Introduction: TAR DNA-binding protein 43 (TDP-43) is a highly prevalent proteinopathy that is involved in neurodegenerative processes, including axonal damage. To date, no ante mortem biomarkers exist for TDP-43, and few studies have directly assessed its impact on neuroimaging measures utilizing pathologic quantification.
Methods: Ante mortem diffusion-weighted images were obtained from community-dwelling older adults. Regression models calculated the relationship between post mortem TDP-43 burden and ante mortem fractional anisotropy (FA) within each voxel in connection with the hippocampus, controlling for coexisting Alzheimer's disease and demographics.
Results: Results revealed a significant negative relationship (false discovery rate [FDR] corrected p < .05) between post mortem TDP-43 and ante mortem FA in one cluster within the left medial temporal lobe connecting to the parahippocampal cortex, entorhinal cortex, and cingulate, aligning with the ventral subdivision of the cingulum. FA within this cluster was associated with cognition.
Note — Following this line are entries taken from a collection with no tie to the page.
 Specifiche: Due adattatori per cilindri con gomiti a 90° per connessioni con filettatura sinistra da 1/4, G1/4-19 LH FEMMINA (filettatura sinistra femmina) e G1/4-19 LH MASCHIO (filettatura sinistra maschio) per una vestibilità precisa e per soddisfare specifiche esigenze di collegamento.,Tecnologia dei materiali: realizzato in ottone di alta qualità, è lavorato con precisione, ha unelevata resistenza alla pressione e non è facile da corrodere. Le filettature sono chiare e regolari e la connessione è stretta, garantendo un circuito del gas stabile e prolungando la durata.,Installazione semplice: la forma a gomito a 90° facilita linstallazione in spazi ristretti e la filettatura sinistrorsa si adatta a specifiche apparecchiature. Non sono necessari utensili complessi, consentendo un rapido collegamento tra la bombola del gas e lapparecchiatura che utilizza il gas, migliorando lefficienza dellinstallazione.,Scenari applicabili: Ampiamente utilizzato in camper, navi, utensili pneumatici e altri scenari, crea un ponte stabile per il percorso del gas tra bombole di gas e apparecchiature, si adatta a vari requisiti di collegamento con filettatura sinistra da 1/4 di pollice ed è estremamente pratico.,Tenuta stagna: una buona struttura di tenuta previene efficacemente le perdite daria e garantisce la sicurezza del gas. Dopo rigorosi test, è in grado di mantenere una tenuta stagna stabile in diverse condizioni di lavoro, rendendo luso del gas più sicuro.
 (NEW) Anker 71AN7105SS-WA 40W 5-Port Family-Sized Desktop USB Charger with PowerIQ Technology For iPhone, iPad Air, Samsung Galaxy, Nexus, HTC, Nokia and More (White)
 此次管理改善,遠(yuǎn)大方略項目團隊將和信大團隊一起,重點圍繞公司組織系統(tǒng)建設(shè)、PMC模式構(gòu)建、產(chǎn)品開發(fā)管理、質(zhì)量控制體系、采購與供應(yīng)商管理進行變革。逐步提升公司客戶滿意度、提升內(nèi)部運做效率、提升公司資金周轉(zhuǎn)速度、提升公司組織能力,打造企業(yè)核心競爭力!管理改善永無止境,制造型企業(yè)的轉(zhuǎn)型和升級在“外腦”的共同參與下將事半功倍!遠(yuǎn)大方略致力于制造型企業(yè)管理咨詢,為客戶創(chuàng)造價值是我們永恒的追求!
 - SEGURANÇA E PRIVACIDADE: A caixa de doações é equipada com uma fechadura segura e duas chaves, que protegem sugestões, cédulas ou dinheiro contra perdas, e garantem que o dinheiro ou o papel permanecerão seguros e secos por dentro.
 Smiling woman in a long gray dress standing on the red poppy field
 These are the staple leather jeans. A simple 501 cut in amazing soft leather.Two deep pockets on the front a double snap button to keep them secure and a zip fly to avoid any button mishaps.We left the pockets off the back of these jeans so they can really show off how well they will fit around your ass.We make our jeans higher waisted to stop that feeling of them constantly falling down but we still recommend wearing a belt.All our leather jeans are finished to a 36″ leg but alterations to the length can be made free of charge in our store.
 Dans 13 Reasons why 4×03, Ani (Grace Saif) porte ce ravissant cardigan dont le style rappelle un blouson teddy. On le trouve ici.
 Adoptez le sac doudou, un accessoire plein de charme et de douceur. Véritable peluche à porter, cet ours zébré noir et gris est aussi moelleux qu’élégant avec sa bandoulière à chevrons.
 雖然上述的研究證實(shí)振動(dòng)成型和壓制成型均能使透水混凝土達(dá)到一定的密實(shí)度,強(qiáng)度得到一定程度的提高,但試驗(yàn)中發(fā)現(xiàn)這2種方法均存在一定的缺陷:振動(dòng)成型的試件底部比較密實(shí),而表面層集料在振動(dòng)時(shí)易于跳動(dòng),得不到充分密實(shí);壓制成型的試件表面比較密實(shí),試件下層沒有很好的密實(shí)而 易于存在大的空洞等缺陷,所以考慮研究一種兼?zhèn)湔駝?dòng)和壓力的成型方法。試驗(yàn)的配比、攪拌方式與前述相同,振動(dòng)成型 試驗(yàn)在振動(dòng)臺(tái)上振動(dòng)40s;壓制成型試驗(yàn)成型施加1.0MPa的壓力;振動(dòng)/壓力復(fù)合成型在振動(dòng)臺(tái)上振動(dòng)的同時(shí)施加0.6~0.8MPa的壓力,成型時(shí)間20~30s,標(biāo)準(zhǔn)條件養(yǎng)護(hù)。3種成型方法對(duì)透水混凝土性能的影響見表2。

Discussion: Greater TDP-43 burden is associated with lower FA within the limbic system, which may contribute to impairment in learning and memory.
Highlights: Post mortem TDP-43 pathological burden is associated with reduced ante mortem fractional anisotropy. Reduced FA located in the parahippocampal portion of the cingulum. FA in this area was associated with reduced episodic and semantic memory. FA in this area was associated with increased inward hippocampal surface deformation.
Keywords: diffusion tensor imaging; fractional anisotropy; limbic‐predominant age‐related TDP‐43 encephalopathy neuropathologic changes (LATE‐NC); magnetic resonance imaging; neurodegeneration; neuropathology.
© 2024 The Authors. Alzheimer's & Dementia published by Wiley Periodicals LLC on behalf of Alzheimer's Association.